Staley et al. tested the post-IVIG titer only once to show the increase that had occurred from the IVIG. They did not show that using an IVIG with low titer does not increase the titer. Our study documents that, if IVIG with low anti-A/B titer is used, then the post-IVIG titer does not increase and hence low-titer IVIG can be used without concern for an increase in anti-A/B titer.
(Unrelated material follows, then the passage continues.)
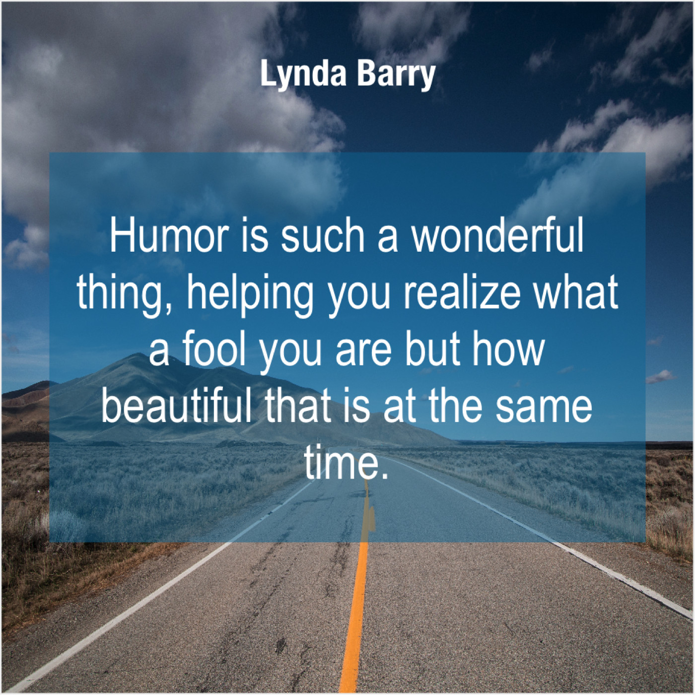 Lynda Barry Lynda Barry – Humor is such a wonderful… October 19, 2019 admin “Humor is such a wonderful thing, helping you realize what a fool you are but how beautiful that is at the same time.”-Lynda Barry

The impact of this rebound in titer on the likelihood of antibody-mediated rejection is not known as the antibody detected by testing may be different from the one that attacks the renal endothelium. However, this rebound may lead to increased need for plasmapheresis, occasionally a delay in transplant, and may even lead to cancellation of the ABO-I transplant if the titer does not reduce. Hence, we recommend that all centers doing ABO-I transplant should use IVIG products and lots that have low anti-A/B titers. As currently, anti-A/B titers in IVIG products and lots are not routinely measured at this threshold, transplant centers may have to do this on their own. Another option may be to perform ABO-I transplant without IVIG, especially when using specific (Anti-A/B) immunoadsorption columns.

There is a large variability in the anti-A/B titer in IVIG from different products and different batches of the same product. IVIG with high anti-A/B titer can increase titers during desensitization, and using IVIG with low titers does not increase titers post-IVIG administration. Transplant programs performing ABO-I transplants should be aware of the anti-A/B titer of their IVIG products.